General information
- Type: Paraglider
- National origin: Czech Republic
- Manufacturer: Mac Para Technology
- Designer: Peter Recek
- Status: In production (Pasha 5, 2016)

= Mac Pasha =

Czech paraglider

The Mac Pasha (from the Turkish title) is a Czech two-place paraglider that was designed by Peter Recek and is produced by Mac Para Technology of Rožnov pod Radhoštěm. It remained in production in 2016 as the Pasha 5.

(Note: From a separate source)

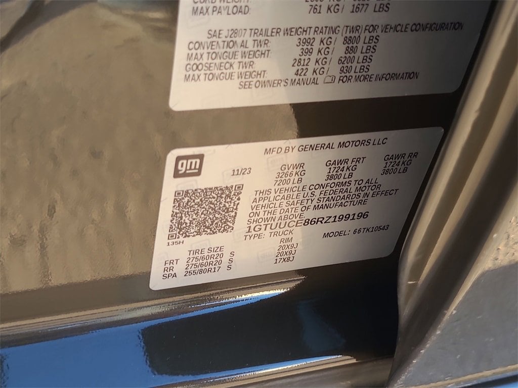 This 2024 GMC Sierra 1500 Elevation in Deep Bronze Metallic comes with the following features: 3.0L I6 10-Speed Automatic 4WD 10-Speed Automatic, 4WD, and Black Cloth Cloth Rear Seat w/Storage Package, High Capacity Suspension Package, Preferred Equipment Group 3SB (120-Volt Bed Mounted Power Outlet, 120-Volt Interior Power Outlet, 2 Charge/Data USB Ports, 2 Type-C Charge-Only Rear USB Ports, 6-Speaker Audio System Feature, Auto-Locking Rear Differential, Body Color Header w/Gloss Black Mesh Grille Bars, Color-Keyed Carpeting Floor Covering, Deep-Tinted Glass, Electric Rear-Window Defogger, Front Frame-Mounted Black Recovery Hooks, Front Rubberized-Vinyl Floor Mats, GMC Connected Access Capable, HD Rear Vision Camera, Keyless Open & Start, LED Cargo Area Lighting, Manual Tilt-Wheel & Telescoping Steering Column, OnStar & GMC Connected Services Capable, Power Door Locks, Power Front Windows w/Driver Express Up/Down, Power Front Windows w/Passenger Express Down, Power Rear Windows w/Express Down, Push Button Start, Rear Rubberized-Vinyl Floor Mats, Remote Vehicle Starter System, SiriusXM w/360L, Steering Wheel Audio Controls, Theft Deterrent System (Unauthorized Entry), and Wi-Fi Hotspot Capable), Trailering Package (Hitch Guidance), X31 Off-Road Package (Dual Exhaust System, Heavy-Duty Air Filter, Hill Descent Control, Off-Road Suspension, Rear Wheelhouse Liners, and X31 Hard Badge), 10-Speed Automatic, 4WD, Black Cloth, 10-Way Power Driver Seat Adjuster w/Lumbar, 2 Charge/Data USB Ports Inside Center Console, 220 Amp Alternator, 4-Way Manual Passenger Seat Adjuster, 4-Wheel Disc Brakes, 6 Speakers, ABS brakes, Air Conditioning, Alloy wheels, AM/FM radio: SiriusXM with 360L, Apple CarPlay/Android Auto, Auto High-beam Headlights, Automatic Emergency Braking, Automatic temperature control, Brake assist, Buckle to Drive, Bumpers: body-color, Cloth Seat Trim, Compass, Delay-off headlights, Driver door bin, Driver vanity mirror, Dual front impact airbags, Dual front side impact airbags, Electronic Precision Shift, Electronic Stability Control, Engine Block Heater, Floor-Mounted Center Console, Following Distance Indicator, Forward Collision Alert, Front 40/20/40 Split-Bench Seat, Front anti-roll bar, Front Bucket Seats, Front Center Armrest w/Storage, Front dual zone A/C, Front fog lights, Front License Plate Kit, Front Pedestrian Braking, Front reading lights, Front wheel independent suspension, Fully automatic headlights, Genuine wood dashboard insert, Heated door mirrors, Heated Driver & Front Outboard Passenger Seating, Heated front seats, Heated steering wheel, Illuminated entry, IntelliBeam Automatic High Beam On/Off, Lane Keep Assist w/Lane Departure Warning, Low tire pressure warning, Navigation System, Occupant sensing airbag, Outside temperature display, Overhead airbag, Overhead console, Panic alarm, Passenger door bin, Passenger vanity mirror, Power door mirrors, Power driver seat, Power steering, Power windows, Premium audio system: GMC Infotainment System, Radio data system, Radio: Premium GMC Infotainment Audio System, Rear reading lights, Rear seat center armrest, Rear step bumper, Rear window defroster, Remote keyless entry, Security system, Speed control, Speed-sensing steering, Split folding rear seat, Standard Tailgate, Steering wheel mounted audio controls, Tachometer, Telescoping steering wheel, Tilt steering wheel, Traction control, Trip computer, Variably intermittent wipers, Voltmeter, Wheels: 20 x 9 High Gloss Black Painted Aluminum, Wireless Apple CarPlay/Wireless Android Auto, and Wireless Charging.

==Design and development==
The Pasha was designed as a tandem glider for flight training. The design has progressed through five generations of models, the Pasha, Pasha 2, 3, 4 and 5, each improving on the last. With two sizes, the Pasha 5 models are each named for their approximate wing area in square metres.

==Variants==
- Pasha 2
Tandem glider. Its 15.08 m span wing has a wing area of 42.28 m2, 54 cells and the aspect ratio is 5.38:1. The pilot weight range is 145 to 225 kg. The glider model is DHV 1-2 certified.
- Pasha 5 39
Smaller-sized model for lighter-weight pilots. Its 14.54 m span wing has a wing area of 39.17 m2, 54 cells and the aspect ratio is 5.4:1. The pilot weight range is 110 to 190 kg and the glide ratio is 9.3:1. The glider model is LTF/EN-B certified.
- Pasha 5 42
Larger-sized model for heavier pilots. Its 15.15 m span wing has a wing area of 42.5 m2, 54 cells and the aspect ratio is 5.4:1. The pilot weight range is 130 to 225 kg and the glide ratio is 9.3:1. The glider model is LTF/EN-B certified.